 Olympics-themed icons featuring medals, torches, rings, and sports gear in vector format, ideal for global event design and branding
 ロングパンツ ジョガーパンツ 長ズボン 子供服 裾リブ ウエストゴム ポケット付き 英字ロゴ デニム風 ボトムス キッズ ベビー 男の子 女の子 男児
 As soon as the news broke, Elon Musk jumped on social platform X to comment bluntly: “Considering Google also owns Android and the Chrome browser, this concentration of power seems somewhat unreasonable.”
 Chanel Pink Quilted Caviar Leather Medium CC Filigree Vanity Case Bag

________________________

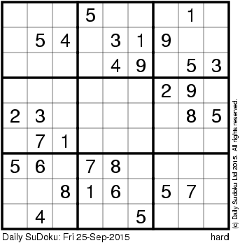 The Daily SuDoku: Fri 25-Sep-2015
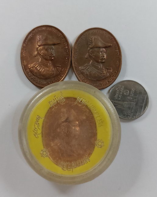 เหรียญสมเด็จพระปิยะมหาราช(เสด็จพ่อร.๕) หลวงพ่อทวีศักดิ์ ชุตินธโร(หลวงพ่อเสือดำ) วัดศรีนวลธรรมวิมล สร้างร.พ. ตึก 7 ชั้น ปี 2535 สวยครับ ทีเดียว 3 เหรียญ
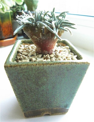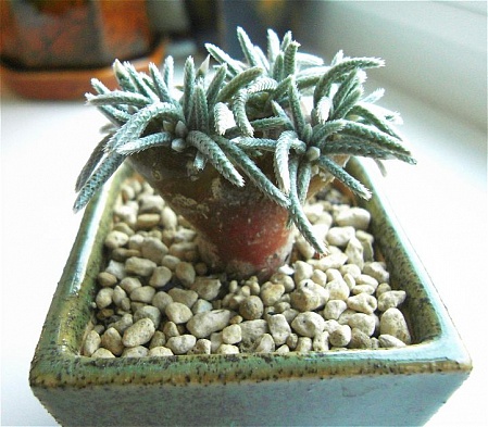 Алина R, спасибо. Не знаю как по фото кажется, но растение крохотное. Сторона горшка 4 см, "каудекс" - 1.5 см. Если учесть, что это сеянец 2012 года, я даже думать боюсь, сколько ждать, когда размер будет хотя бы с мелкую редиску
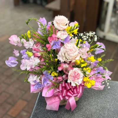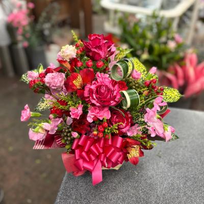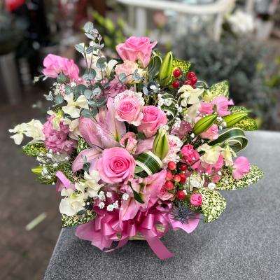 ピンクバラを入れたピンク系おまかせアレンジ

________________________

** Task description **
Only one stretch of the entries above is needed: the lines from the one containing "Алина R, спасибо." through the one containing "ピンクバラを入れたピンク系おまかせアレンジ". Copy it exactly, without the pictures.

** The completed task **
 Алина R, спасибо. Не знаю как по фото кажется, но растение крохотное. Сторона горшка 4 см, "каудекс" - 1.5 см. Если учесть, что это сеянец 2012 года, я даже думать боюсь, сколько ждать, когда размер будет хотя бы с мелкую редиску
 ピンクバラを入れたピンク系おまかせアレンジ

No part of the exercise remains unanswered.